Assos’ new Dyora women’s collection ditches the boob-splitter
Assos has finally done it. Last week the Swiss brand announced the launch of its new race fit women’s Dyora RS S9 collection, which includes a redesigned women’s bib with a traditional two-shoulder strap design, replacing the original monobib closure.
Assos products have some interesting and sometimes hard-to-pronounce names, like T.laaLalai_S7. And they also have some technical terms I never thought I would write about in a bib shorts review. The Dyora S9, for instance, features an “A-lock bracing system”, an “ergoBox”, an “external rollBar”, “goldenGate technology”, and “superAir microShock foam”.
All of these features play an important part in making these bibs what they are. And while you might not understand what goldenGate technology is (I’ll tell you a little further down), the good thing is these bibs speak for themselves.
The Dyora RS S9 women’s summer bib shorts do have a high price tag of US$260 / AU$386 / €200 / £175. They’re accompanied in the range by the Dyora RS summer jersey, cap, and socks, which are available in two colour options: black and violet.
Dyora RS S9 collection pricing
– Dyora RS Summer Bib Shorts S9: US$260 / AU$386 / €200 / £175
– Dyora RS Cap: US$28 / AU$48 / €25 / £22
– Dyora RS Socks: US$20 / AU$37 / €19 / £18
– Dyora RS Summer SS Jersey: US$189 / AU$298 / €170 / £145
I tested the T.laaLalai_S7 bibs over the winter and while they were one of, if not the highest quality of the bibs I tested, I struggled to get onboard with the monobib and buckle combo, as well as the dual fabric on the leg bands. Fast forward a few months and the S9 women’s bibs arrived, delivering features we have been wanting from Assos for years. I haven’t quite put them through the wringer yet, but first impressions are favorable, which also justifies that price tag.
It’s all about stabilization. Assos took the traditional bib strap design and put their own engineering twist on it to focus on that stabilization. Features such as A-lock engineering, a rollBar, the ergoBox, etc. are meant to ensure that the bibs feel like a second skin; moving with you in and out of the saddle.

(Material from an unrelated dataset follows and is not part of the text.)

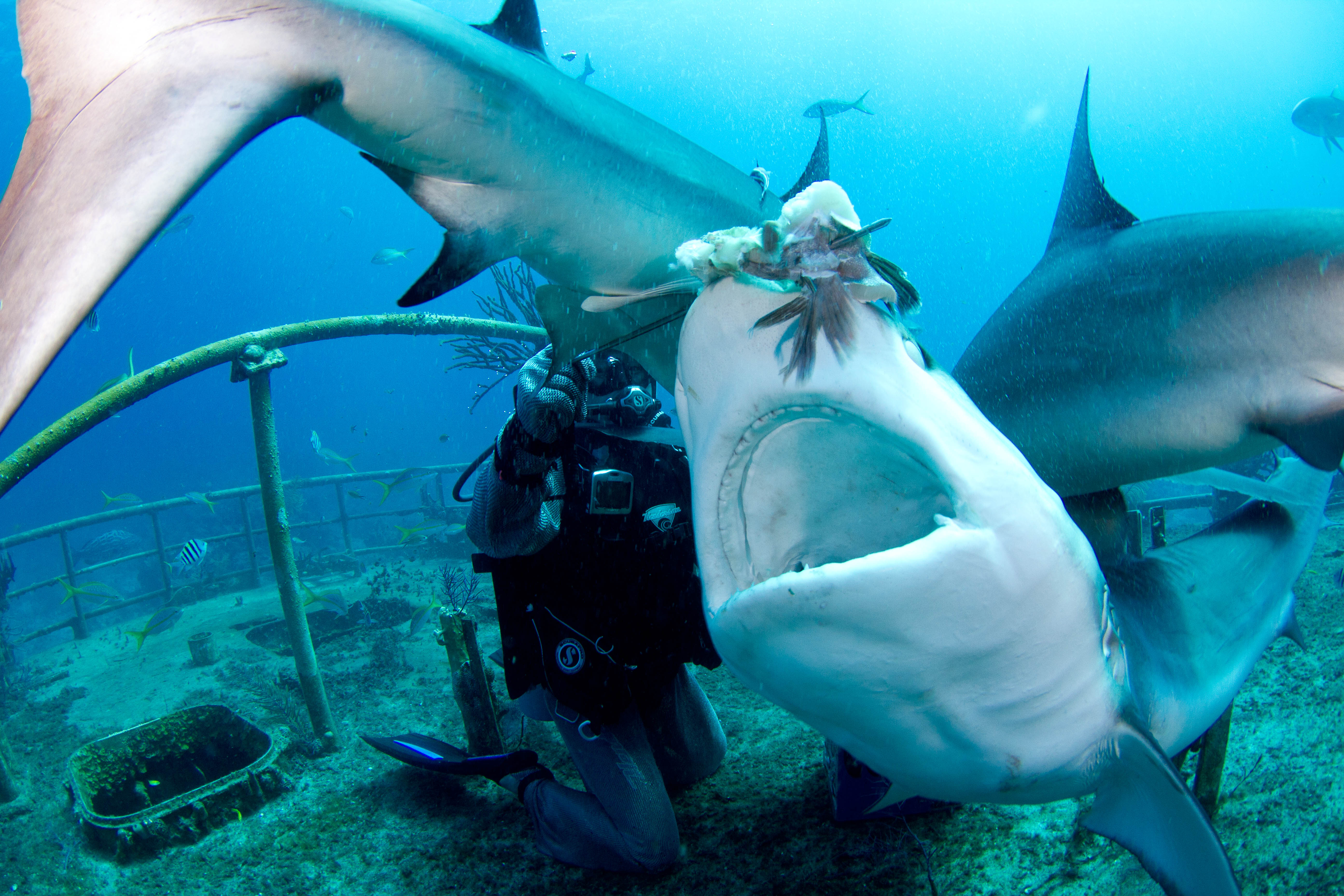 Caribbean reef shark (Carcharhinus perezi) being fed by a diver in the Bahamas.

The straps are wide, very stretchy, and incredibly comfortable, using Assos’ rollBar bracing design which uses the bib straps to stabilize the insert. The straps then give an x-junction at the back for even more stability. Given the overall design of the straps, and the bibs being more of a race fit, you’re not going to see a drop-tail feature for nature breaks.
While comfortable and incredibly moisture-wicking, I did find that during an indoor Zwift session the straps held onto a bit of moisture and much more than the rest of the bib itself. This was less of an issue on my outdoor adventures, but something to consider when layering or if you’re going to be sweating a lot.
I have only had a few rides in these bibs but I am happy to report that Assos nailed the new women’s strap design. It’s something I would love to have seen earlier.
Assos has also changed up the leg bands for the S9 bibs, now using a single-fabric, ultralight leg gripper which makes for a more seamless transition from bibs to skin. The S7 bibs utilize two separate fabric components, including an external elastic material, which I felt to be a little clunky. While minimal compared to those on its predecessor, the S9’s leg bands stayed in place the entire ride and never pinched or needed adjustments.
With the absence of the monobib and magnetic buckle in this iteration, Assos had a gap to fill at the midsection. They went with a raw cut waist that falls just below my belly button.
Assos has always delivered a quality product, especially when it comes to the chamois, and they haven’t stopped here. Using their goldenGate technology — think of a suspension bridge swaying side to side — the Elastic Interface chamois is sewn in to float and move with your body. Plus, it doesn’t feel bulky when off the bike.
The bibs utilize a butterfly pattern for minimal seams, they include some reflective detailing, and they use a smooth, moisture-wicking fabric called type.441. They weigh in at 163 g (size medium).
The price tag might scare you away, but having ridden a few times in the S9 bibs these are the ones that you will always be grabbing for, and they look built to last a long while.